== WHAT THE EXERCISE ASKS ==
Print the entries below exactly as they appear, from the first line up to and including the line with "2日目の朝は、すがすがしい気". Do not print any pictures.
── INFORMATION PROVIDED ──
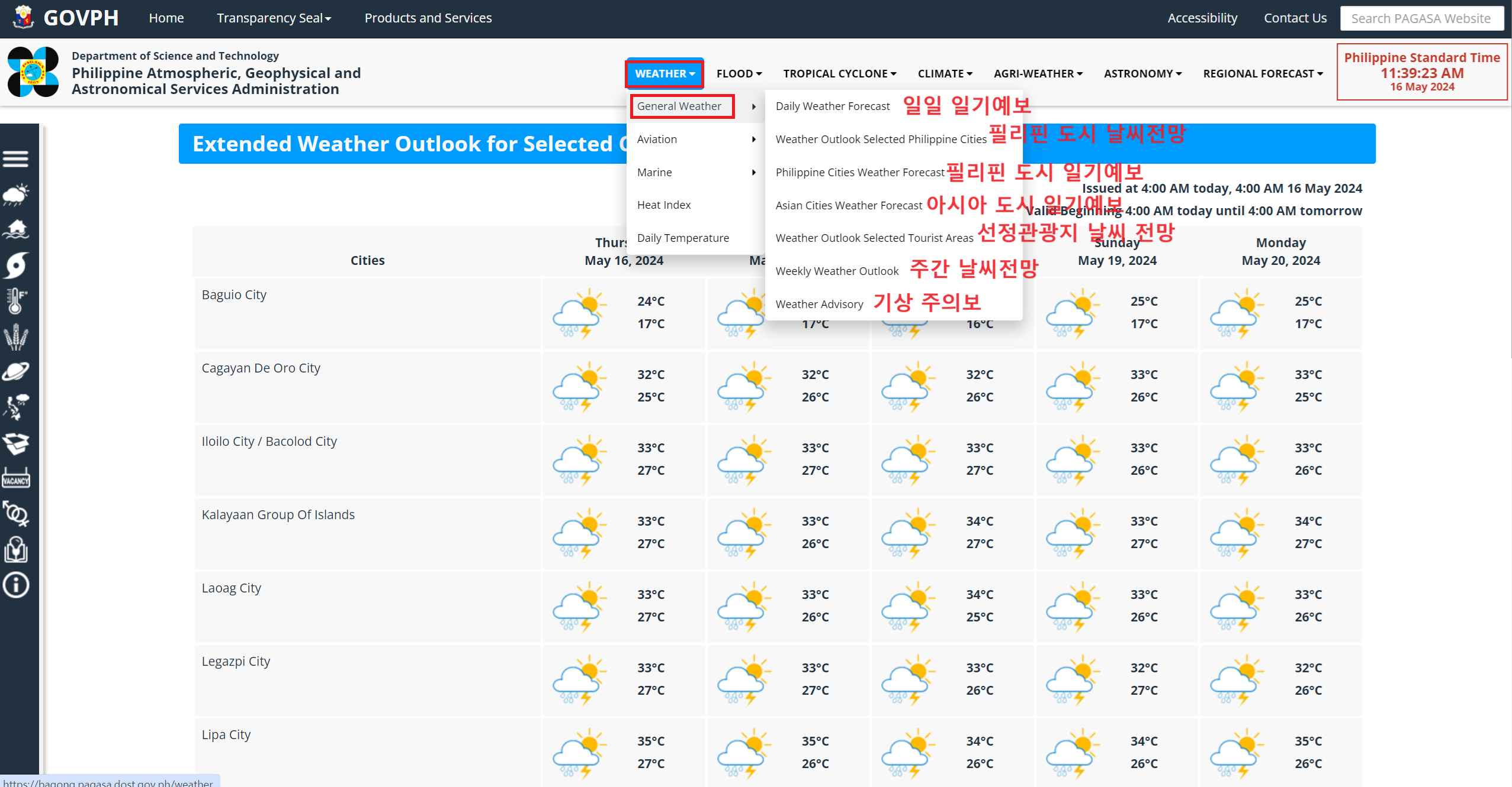 필리핀 기상청 PAGASA에서 일기예보 확인하기
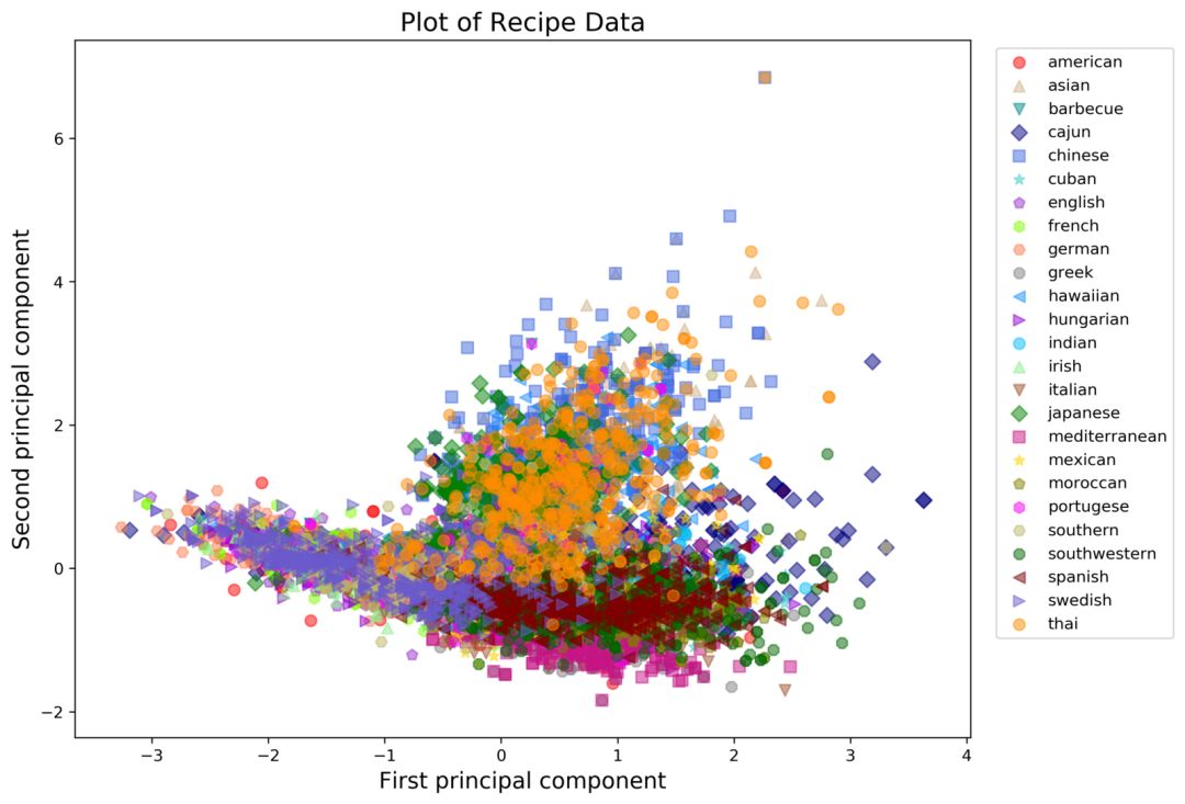 为了能够可视化数据,我实现了降维,以便将1982个维度(对应数据集中不同配料的数量)的特征空间减少到2维。这一步是使用PCA完成的,我保留了前两个主要组成部分。然后,我针对前两个主成分创建了每个食谱的散点图,如下所示:
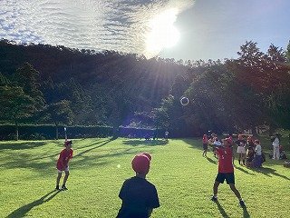 2日目の朝は、すがすがしい気持ちの良い天候でした。朝の集いでは フリスビー、大縄、モルク、ボール遊び、おにごっこ、虫取りなど身体を動かして目を覚まさせました。
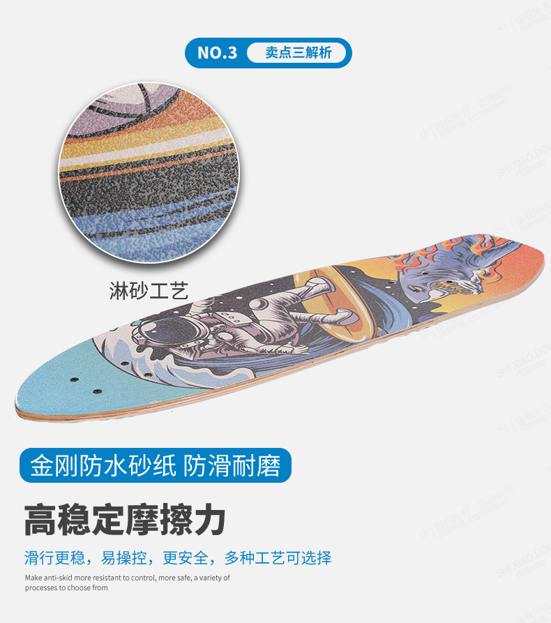 メーカーは女性の初心者の青少年の長い板のダンスの板に直接供給して、街の四輪のスケートボードの成人の道路の専門のスケートボードを塗ることができます。
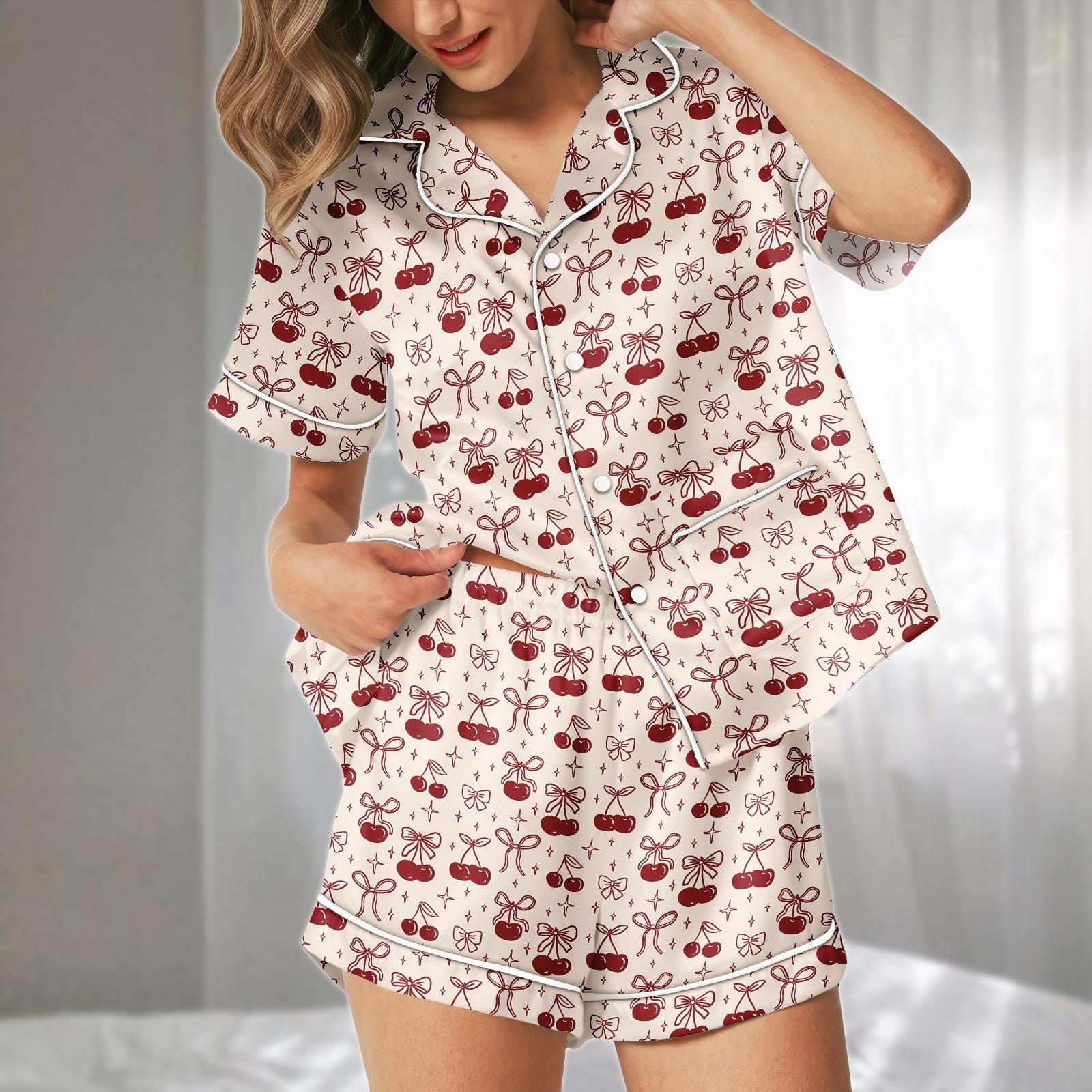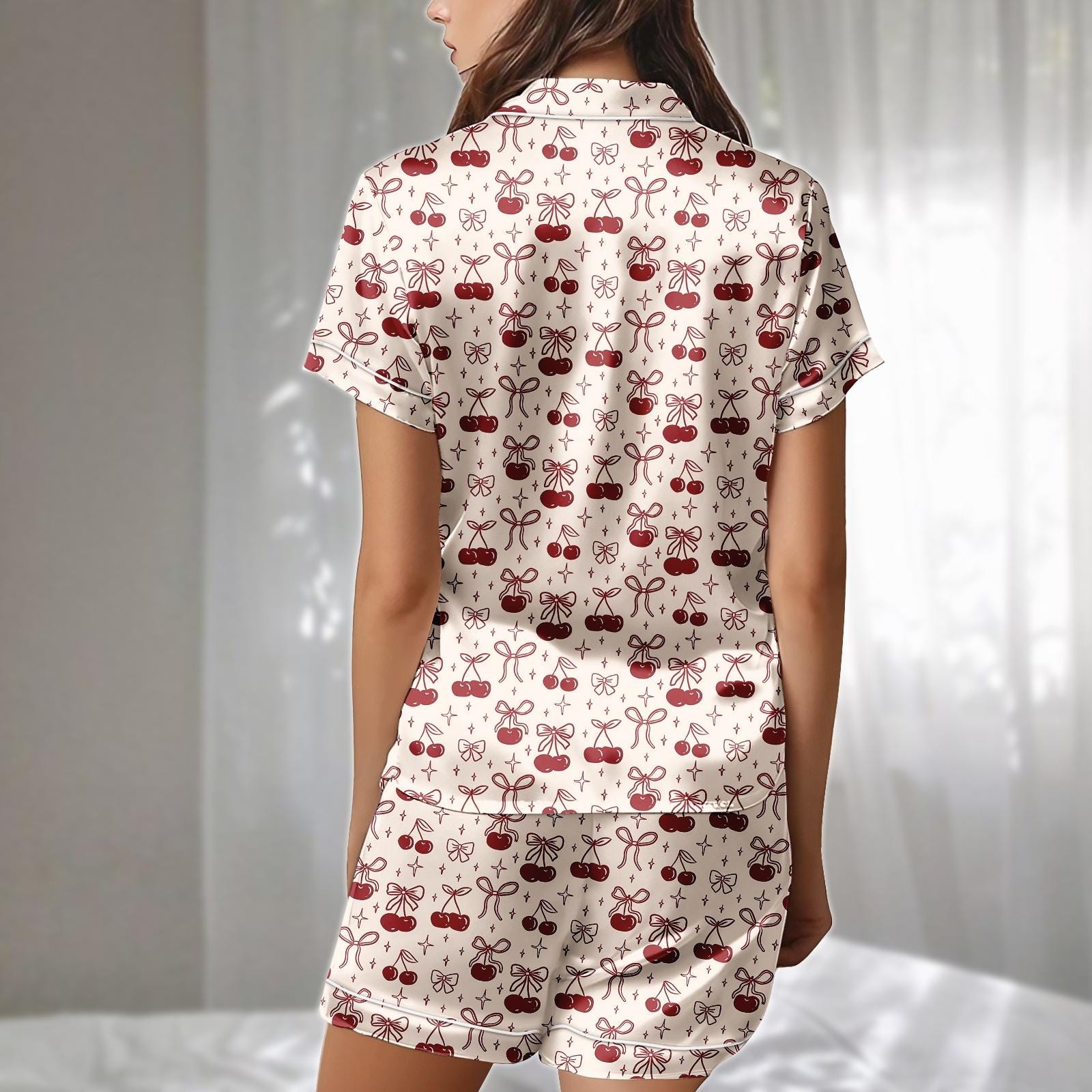 Cherry Bow Satin Pajamas Short Set, Red Fruit And Ribbon Sleepwear, Coquette Aesthetic Loungewear, Cute Holiday Pajamas, Gift For Her
───
== RESPONSE TO THIS TASK ==
 필리핀 기상청 PAGASA에서 일기예보 확인하기
 为了能够可视化数据,我实现了降维,以便将1982个维度(对应数据集中不同配料的数量)的特征空间减少到2维。这一步是使用PCA完成的,我保留了前两个主要组成部分。然后,我针对前两个主成分创建了每个食谱的散点图,如下所示:
 2日目の朝は、すがすがしい気持ちの良い天候でした。朝の集いでは フリスビー、大縄、モルク、ボール遊び、おにごっこ、虫取りなど身体を動かして目を覚まさせました。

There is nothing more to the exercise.